Mert Can DUMAN'ın 07 Haziran 2023 tarihli yazısı
Kararının alındığı andan itibaren tüm gündemi üzerine yoğunlaştıran Cumhurbaşkanlığı ve milletvekilliği seçimlerinin sonuna geldik. Sayın Cumhurbaşkanı’mızın kabine üyelerini açıklamasının ardından peşi sıra gerçekleşen devir teslim törenlerinden belki de en bekleneni ve dikkat çekeni Hazine ve Maliye Bakanlığındaki tören oldu. Yeni Bakan Sn. Mehmet Şimşek’in devir teslim töreninde “Türkiye’nin rasyonel bir zemine dönmekten başka çaresi kalmamıştır” sözleriyle vurguladığı rasyonel zemin hususu günler boyunca değerlendirilen en önemli başlık hâline geldi.
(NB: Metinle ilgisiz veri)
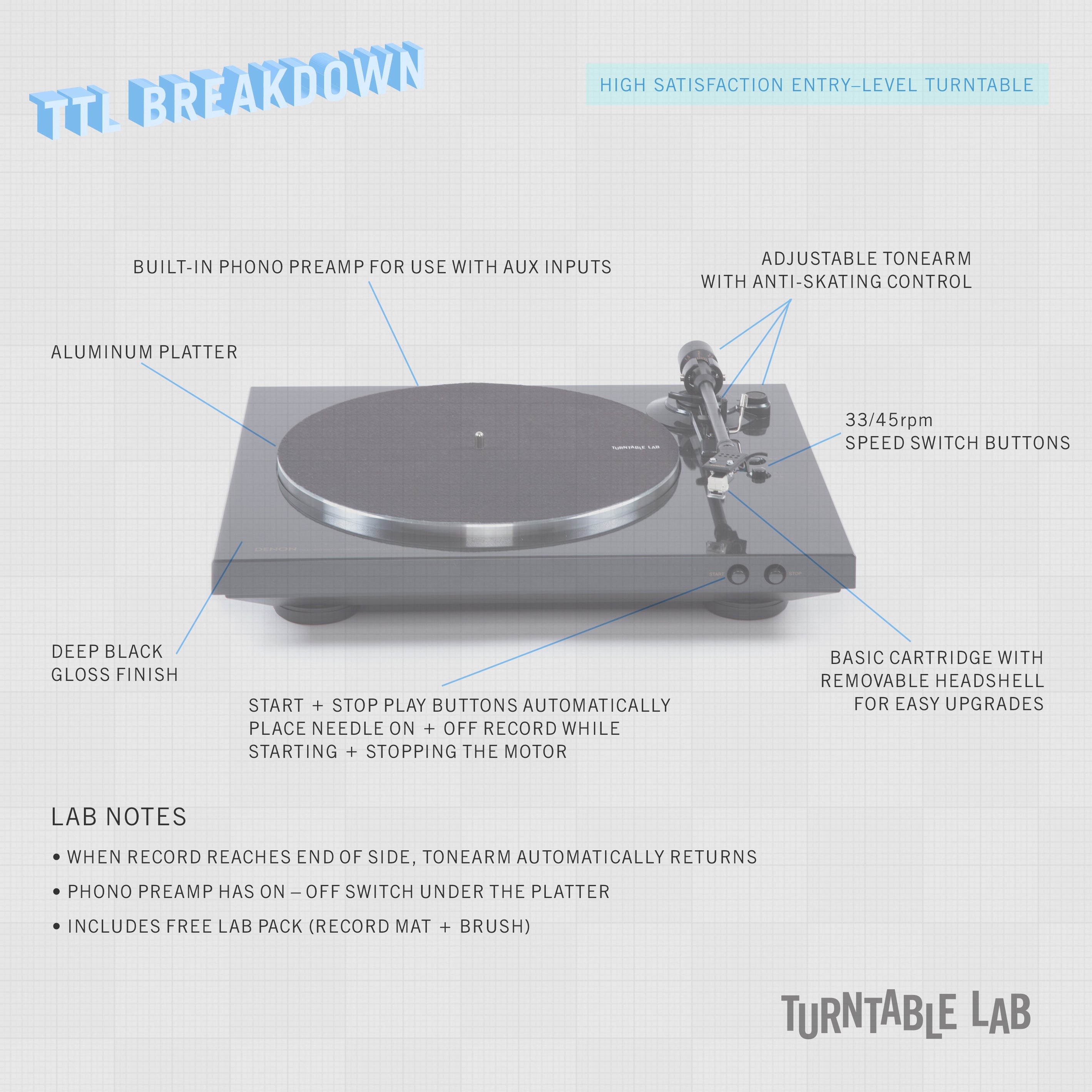 • built-in phono pre-amp - ready to plug into your audio system's AUX input

Biz para ve maliye politikası zemininde rasyonel zeminin ne ve nasıl olması gerektiğini bu alanda çalışan isimlerin kalemine bırakalım ve gelin bu haftaki buluşmamızda diğer alanlarda rasyonel zeminimizin ne olduğunu değerlendirelim.
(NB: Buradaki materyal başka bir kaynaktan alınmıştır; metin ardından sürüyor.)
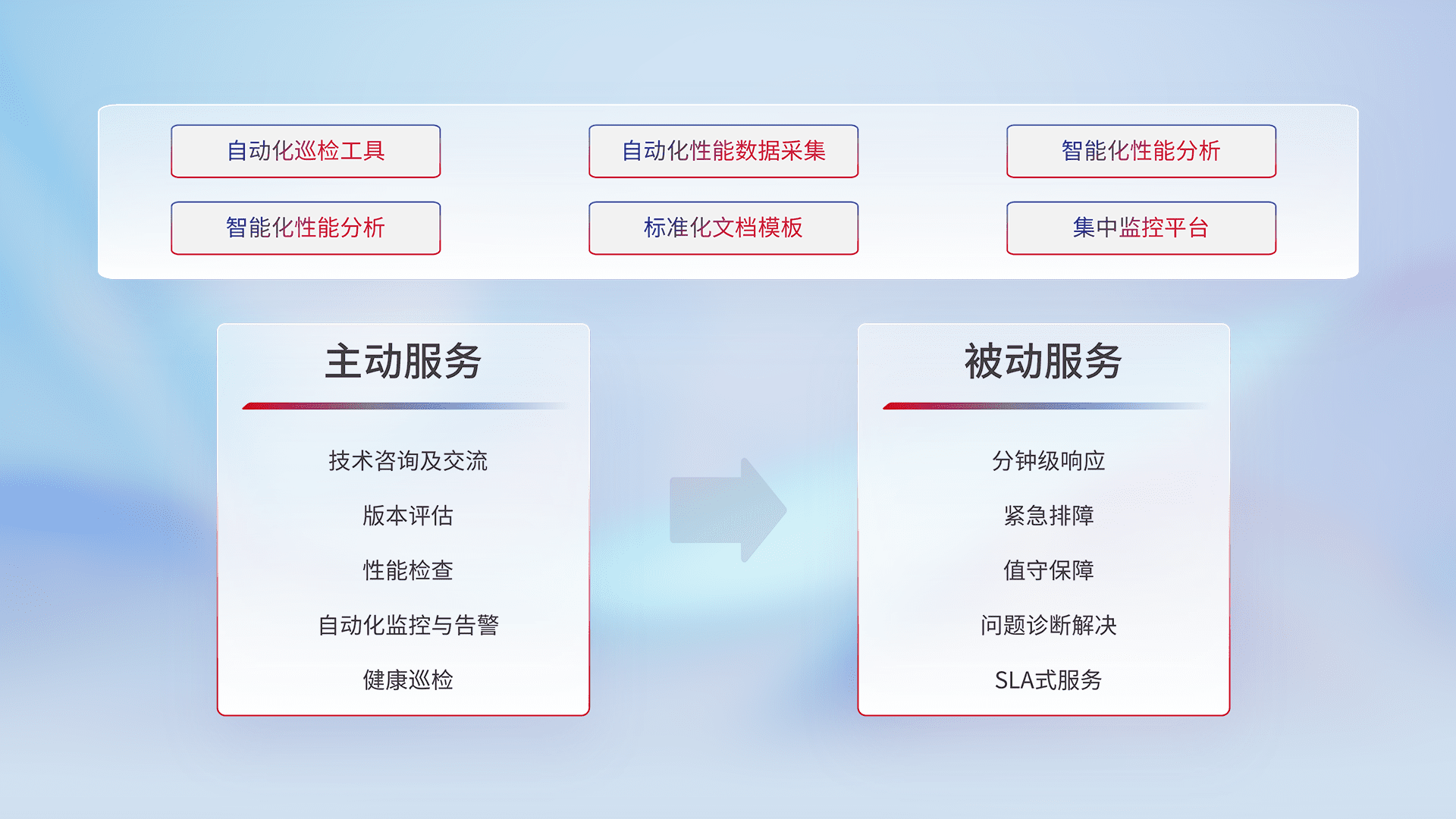 智能化工具和标准化文档,,,,保障服务质量,,,,提供主动服务(包含技术咨询、、版本评估、、、性能检查、、、自动化监控与告警、、、健康巡检)和被动服务包含(分钟级响应、、、紧急排障、、值守保障、、问题诊断解决、、、、SLA服务)。。。

Bu satırlardan teknolojinin baş döndürücü hızını çok kez konuştuk. Bundan 50 yıl önce petrol ve otomotiv şirketleri dünyanın en değerli markaları arasında yer alırken bugün listeye baktığımızda tepede teknoloji şirketlerini görüyoruz. Ancak bu şirketlerin özelliği sadece teknolojiyi çok iyi kullanmaları değil aynı zamanda yaratıcı bir fikirle doğmuş olmaları. Yani inovatif, girişimci ve teknoloji odaklı bir doğum süreci sizi en tepelere ulaştırabilir. Bir öğrencinin üniversite kampüsündeki fikri ya da bir garajdan doğan fikir veya iki arkadaşın meraklarını gidermek için oluşturdukları bir platform bugün milyarlarca dolar değere sahip birer teknoloji devi hâline dönüşmüş durumda. İşte, Cumhuriyet’imizin ikinci yüzyılında parlak beyinlerimizin girişimci fikirlerini teknolojiyle yoğurmak rasyonel zeminlerimizden birisi olmalı.
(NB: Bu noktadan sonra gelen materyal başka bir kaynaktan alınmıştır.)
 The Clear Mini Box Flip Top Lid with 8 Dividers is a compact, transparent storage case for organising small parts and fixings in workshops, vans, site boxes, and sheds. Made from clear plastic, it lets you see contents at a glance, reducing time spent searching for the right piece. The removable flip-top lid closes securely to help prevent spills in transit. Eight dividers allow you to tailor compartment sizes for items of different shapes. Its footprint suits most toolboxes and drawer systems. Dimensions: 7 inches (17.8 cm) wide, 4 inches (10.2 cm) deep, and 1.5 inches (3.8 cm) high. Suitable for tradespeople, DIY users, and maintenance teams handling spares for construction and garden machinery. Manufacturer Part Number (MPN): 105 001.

Konu rasyonel zemin ise bir diğer ev ödevimiz ise çok uzunca bir süredir politika metinlerimizde ve eylem planlarımızda yer alan ancak gerçekleştirmekte çok zorlandığımız katma değerli ihracat konusu. Bundan 10 sene önce bürokraside göreve başladığımda yüksek lisans tezimin konusu olan nitelikli ihracat konusunu işlerken o zamanki durumda birim ihracat değerimizin 1 ila 1,5 dolar düzeyinde olduğunu ve rakiplerimizle çetin bir rekabet içinde olabilmemiz için bu değerin ivedilikle yukarı çekilmesinin elzem olduğunu konuşurduk. Aradan geçen zaman sonrasında bugün ihracatımızın teknolojik ve nitel kompozisyonunu değerlendirmek istediğimizde aynı cümleleri yazsak çok da yanılmış sayılmayız. Hiç şüphe yok ki mevcut üretim süreçlerimiz ve yetenek setlerimiz dikkate alındığında ihracatımızın niteliğini hızlı bir şekilde artırmak bugünden yarına başarabileceğimiz bir konu değil. Ancak çözüm biraz da sorunda gizli. Ürün, pazar ve rekabet konusunda kapsayıcı ve stratejik kararlarımız ihracat kapasitemizi bambaşka bir yere getirebilirken uzun, meşakkatli ve bir o kadar da sabır gerektiren bir süreç olan yetenek setimizin gelişimi konusu da önümüzdeki dönemde atmamız gereken rasyonel adımların başında geliyor.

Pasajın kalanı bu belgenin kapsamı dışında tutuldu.